Jewish Paideia: Education and Identity in the Hellenistic Diaspora by Jason M. Zurawski

Jewish Paideia: Education and Identity in the Hellenistic Diaspora by Jason M. Zurawski

Jewish Paideia investigates diverse self-reflections on what it meant to be Jewish in Hellenistic and early Roman Diaspora communities by examining depictions of ideal Jewish education, or paideia, in the literature of the period. Education offers a unique and unexplored vantage point for understanding the internal constructing of Jewish identity in progress, as it provides key insight into the most determinative constituents of Jewish ethics and culture and into how questions of “Jewishness” were reimagined under dynamic and varied cultural and political circumstances. Within the elite intellectual circles of the ancient Mediterranean world, individual and communal identity, not unlike today, was inextricably bound to education. Depictions of ideal Jewish education become for us windows into a discourse of identity as it happened. By exploring how Jewish writers utilized paideia as a means of forming, reshaping, and deploying unique portraits of Jewish identity, this volume fills a significant lacuna in the study of ancient Judaism and the Jewish people.

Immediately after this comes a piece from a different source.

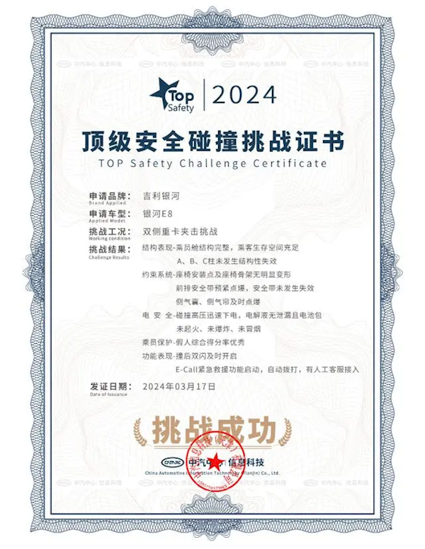 3月25日消息,吉利银河E8今日在中汽中心安全试验室,成功挑战行业首次上演的20吨失控重卡夹击侧碰测试。

It also provides meaningful comparanda for Classicists and necessary background for later developments of Late Antique Jewish and Christian pedagogy. The diverse ways in which education was construed directly reflect how authors sought to internally understand and externally portray the Jewish community. Education offers keen insight into how the ancestral past became a contested site, how “the other” was utilized as a foil for reinforcing the image of the in-group, how empire and colonization impacted understandings of the Jewish people within broader society, and how Jewish law functioned to connect community members across space and time. Paideia, therefore, provides the researcher unparalleled access to Jewish self-reflections during this important period of history and to questions that have been central to developing a greater understanding of the Jewish people within the ancient Mediterranean world.